The period of the sum is one. One period, many frequencies. There are three frequencies in the sum. One, two, and three. But added together, there’s only one period. So in a complicated – this is a very important point, and again, I’m sure it’s a point that you’ve seen before.
That’s why I say one period, many frequency, and that’s why for complicated periodic phenomena, it’s really better, more revealing, to talk in terms of the frequencies that might go into it, rather than the period. You are fixing the period. You’re fixing the period to have length one. All right. But you want – but you might have a very complicated phenomena. That complicated phenomena, as it turns out, is gonna be built up out of sines and cosines of varying frequency. AS long as the sum has period one, then we’re okay. One period, many frequencies. That’s the aphorism that goes on with this – that goes along with this.
Now, in fact, what is it – what we can do more than just modify the frequency. We can also modify the amplitudes separately, and we can modify the phases of each one of those – each one of those terms.

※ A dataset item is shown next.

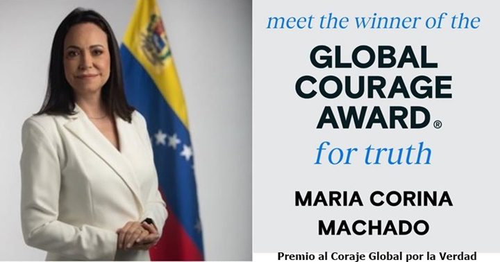 María Corina Machado ha sido distinguida con el inaugural «Premio al Coraje Global por la Verdad», otorgado por la organización «It Takes Courage». Este reconocimiento se le concede por su destacada valentía y su compromiso con la verdad y la libertad, en medio de la lucha contra el gobierno de Nicolás Maduro en Venezuela.

So to model complicated, perhaps, how complicated? We’ll see. A complicated signal of period one we can sum – we can modify the amplitude, the frequency, and the phases of either sines or cosines, but let me just stick with the sines – of sine of two pi t, and add up the results. That is, we can consider something like this.
Something of a form, say, k going from one up to n, and we can consider how ever many of them we want. A sub k, sine of two pi k times t plus – that’s modifying the frequency – plus fe sub k – allowing myself to modify the phase. Fe sub k. That’s about the most general kind of sum that we can form out of just the sines or – and I can do the same thing with cosines, or I can combine the two and I’ll say more about that in just a second.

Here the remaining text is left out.